PROVIDED RECORDS =>

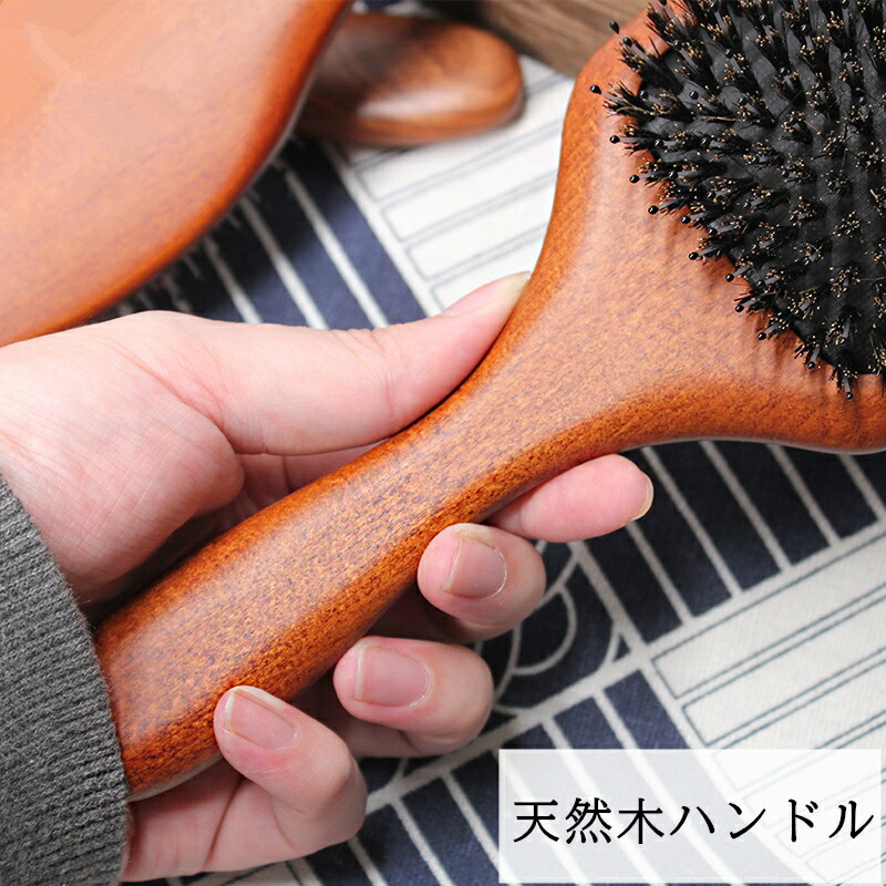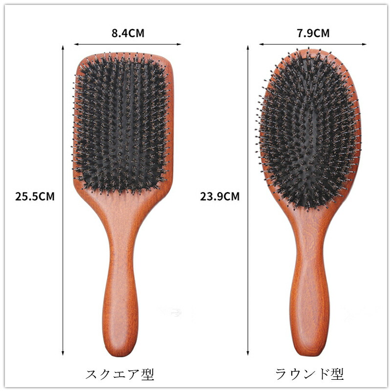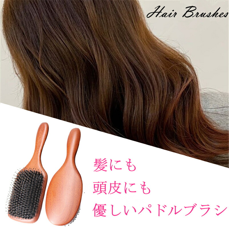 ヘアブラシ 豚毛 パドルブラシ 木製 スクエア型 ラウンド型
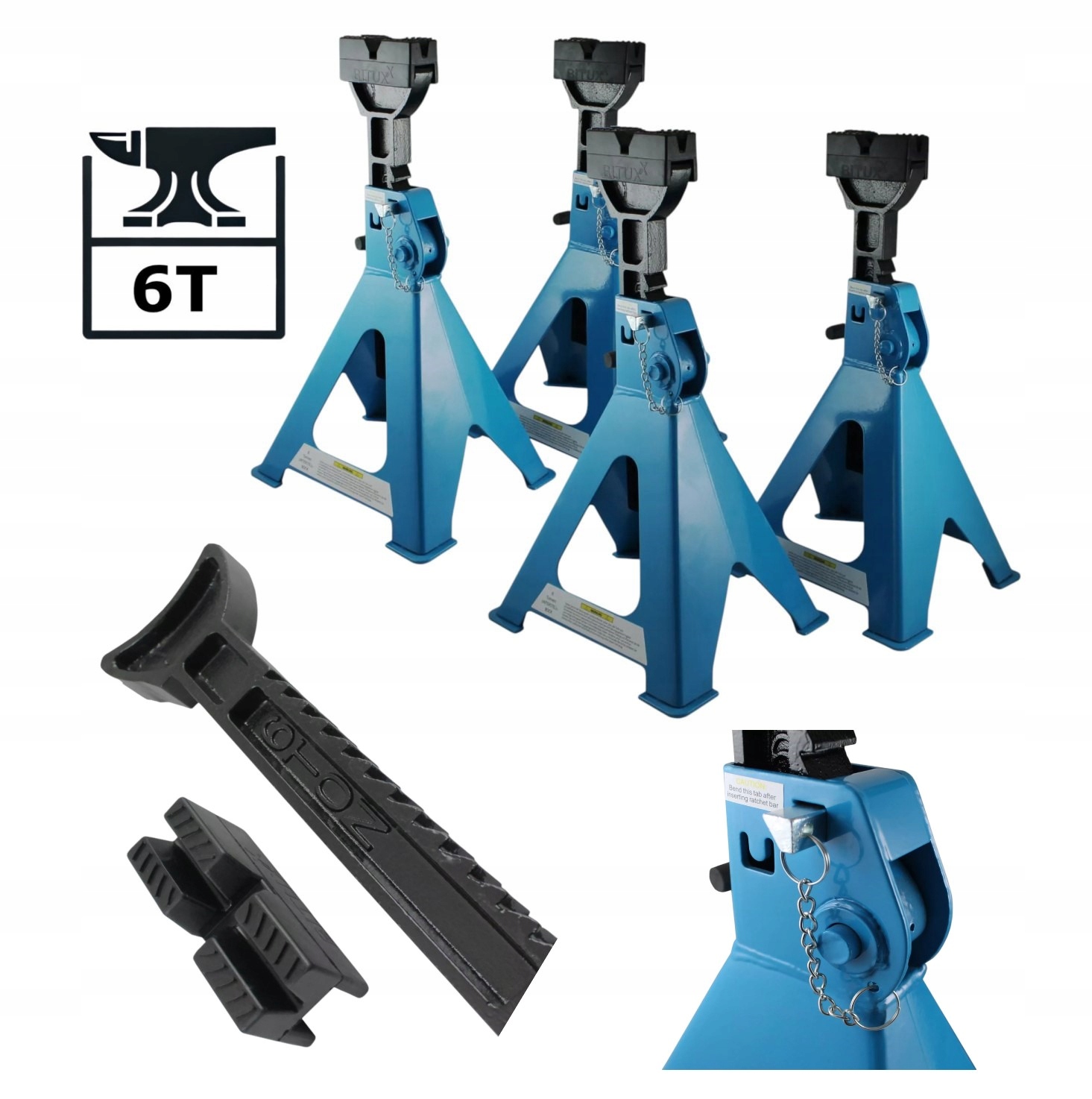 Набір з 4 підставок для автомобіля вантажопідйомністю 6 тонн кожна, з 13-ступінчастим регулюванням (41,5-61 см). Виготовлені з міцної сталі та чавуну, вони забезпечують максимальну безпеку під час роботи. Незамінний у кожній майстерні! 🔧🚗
--
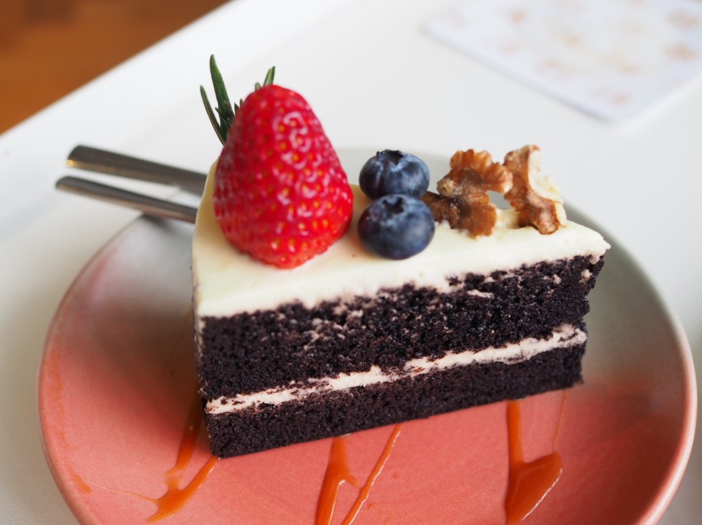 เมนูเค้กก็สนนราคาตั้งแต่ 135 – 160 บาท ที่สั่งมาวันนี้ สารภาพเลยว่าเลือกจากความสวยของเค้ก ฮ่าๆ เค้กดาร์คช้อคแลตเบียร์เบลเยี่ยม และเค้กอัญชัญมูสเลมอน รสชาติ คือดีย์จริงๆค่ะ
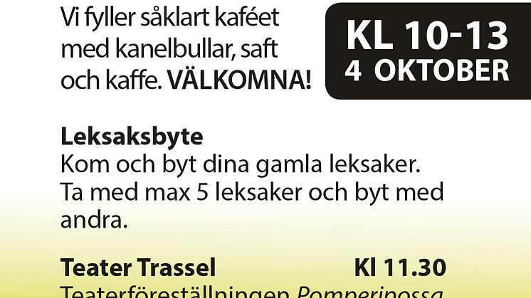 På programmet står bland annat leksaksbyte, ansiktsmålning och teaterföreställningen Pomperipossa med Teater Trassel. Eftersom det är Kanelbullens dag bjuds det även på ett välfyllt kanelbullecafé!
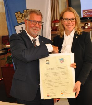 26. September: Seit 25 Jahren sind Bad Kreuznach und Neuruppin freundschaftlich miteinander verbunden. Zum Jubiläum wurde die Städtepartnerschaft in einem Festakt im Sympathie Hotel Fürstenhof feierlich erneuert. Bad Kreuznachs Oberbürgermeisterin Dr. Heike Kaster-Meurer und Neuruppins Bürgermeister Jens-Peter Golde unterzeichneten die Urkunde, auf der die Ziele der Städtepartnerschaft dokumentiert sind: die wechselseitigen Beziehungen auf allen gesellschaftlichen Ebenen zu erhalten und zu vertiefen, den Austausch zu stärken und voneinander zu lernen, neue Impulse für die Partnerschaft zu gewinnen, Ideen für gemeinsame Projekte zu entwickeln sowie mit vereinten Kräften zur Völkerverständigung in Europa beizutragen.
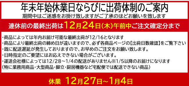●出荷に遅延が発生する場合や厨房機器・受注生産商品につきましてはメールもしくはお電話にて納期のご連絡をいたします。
* * *
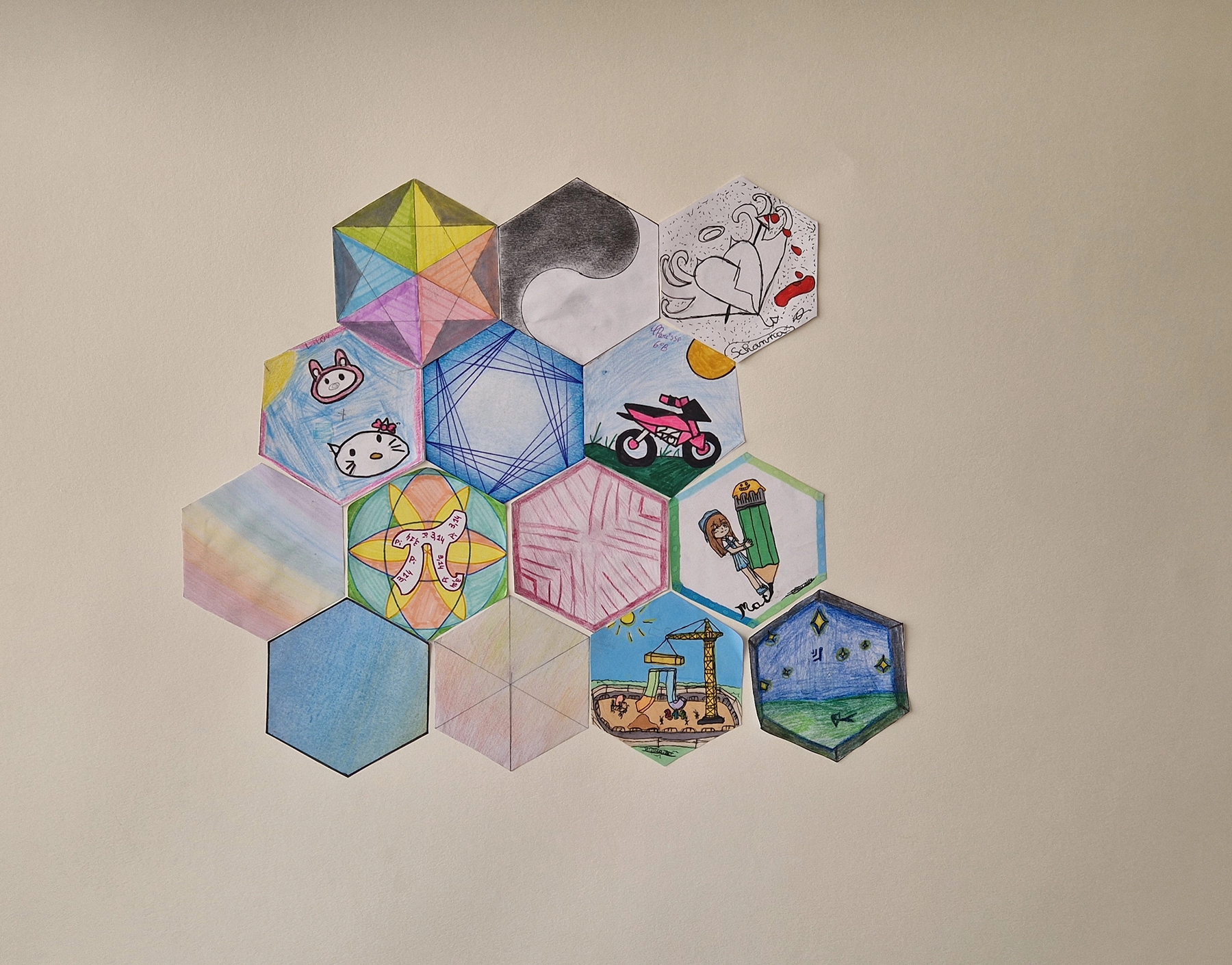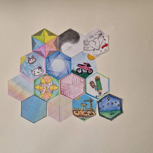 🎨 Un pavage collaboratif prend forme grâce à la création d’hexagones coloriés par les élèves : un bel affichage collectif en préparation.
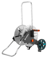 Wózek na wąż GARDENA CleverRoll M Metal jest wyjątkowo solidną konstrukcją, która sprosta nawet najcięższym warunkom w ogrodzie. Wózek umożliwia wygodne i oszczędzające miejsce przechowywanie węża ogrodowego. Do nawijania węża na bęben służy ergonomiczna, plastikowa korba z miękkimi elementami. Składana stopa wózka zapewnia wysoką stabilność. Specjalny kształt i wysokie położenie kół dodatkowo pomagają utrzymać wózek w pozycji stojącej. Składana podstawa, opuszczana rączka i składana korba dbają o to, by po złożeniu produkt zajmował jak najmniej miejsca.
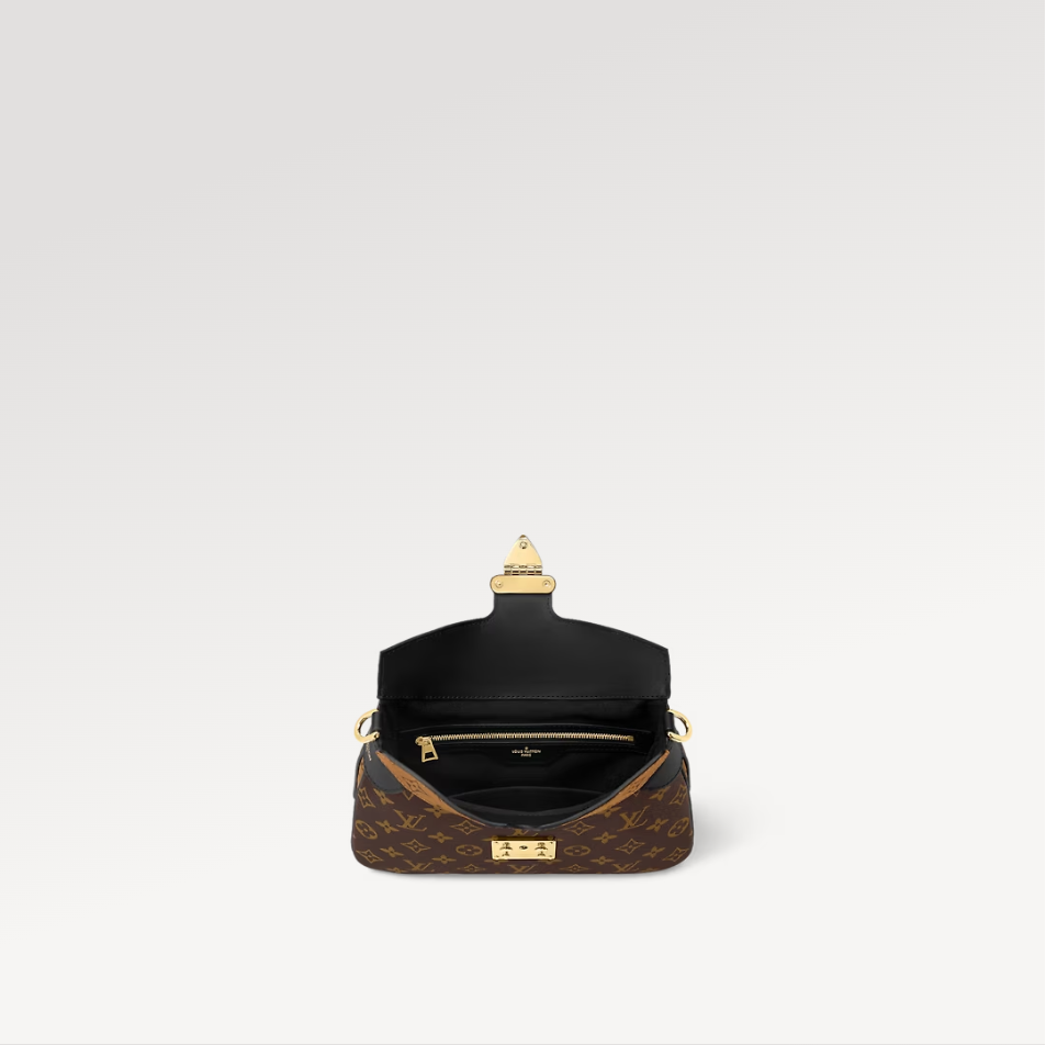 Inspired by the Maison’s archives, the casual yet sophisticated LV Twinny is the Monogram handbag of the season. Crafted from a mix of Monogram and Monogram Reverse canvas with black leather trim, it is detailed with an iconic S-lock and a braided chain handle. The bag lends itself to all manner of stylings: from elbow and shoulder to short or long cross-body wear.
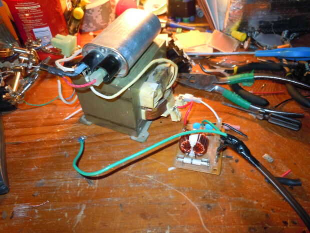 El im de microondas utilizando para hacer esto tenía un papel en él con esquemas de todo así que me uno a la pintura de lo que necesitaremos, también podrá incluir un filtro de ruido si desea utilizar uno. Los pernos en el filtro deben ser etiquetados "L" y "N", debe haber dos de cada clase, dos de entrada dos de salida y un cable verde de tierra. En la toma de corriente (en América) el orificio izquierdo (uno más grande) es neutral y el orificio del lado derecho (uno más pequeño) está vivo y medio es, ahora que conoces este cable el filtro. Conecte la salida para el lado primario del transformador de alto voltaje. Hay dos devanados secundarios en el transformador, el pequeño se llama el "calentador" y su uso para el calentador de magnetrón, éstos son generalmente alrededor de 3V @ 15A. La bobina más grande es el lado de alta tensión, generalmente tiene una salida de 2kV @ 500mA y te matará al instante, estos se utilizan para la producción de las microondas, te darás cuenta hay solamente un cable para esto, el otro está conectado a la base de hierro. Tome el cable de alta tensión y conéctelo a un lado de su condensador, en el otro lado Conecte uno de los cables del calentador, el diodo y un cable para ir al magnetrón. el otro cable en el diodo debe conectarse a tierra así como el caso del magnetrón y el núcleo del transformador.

TRY IT => Your answer should be the exact lines above from the one containing "เมนูเค้กก็สนนราคาตั้งแต่ 135 –" through the one containing "På programmet står", with both end lines kept and the pictures removed, please.

YOUR SOLUTION =>
 เมนูเค้กก็สนนราคาตั้งแต่ 135 – 160 บาท ที่สั่งมาวันนี้ สารภาพเลยว่าเลือกจากความสวยของเค้ก ฮ่าๆ เค้กดาร์คช้อคแลตเบียร์เบลเยี่ยม และเค้กอัญชัญมูสเลมอน รสชาติ คือดีย์จริงๆค่ะ
 På programmet står bland annat leksaksbyte, ansiktsmålning och teaterföreställningen Pomperipossa med Teater Trassel. Eftersom det är Kanelbullens dag bjuds det även på ett välfyllt kanelbullecafé!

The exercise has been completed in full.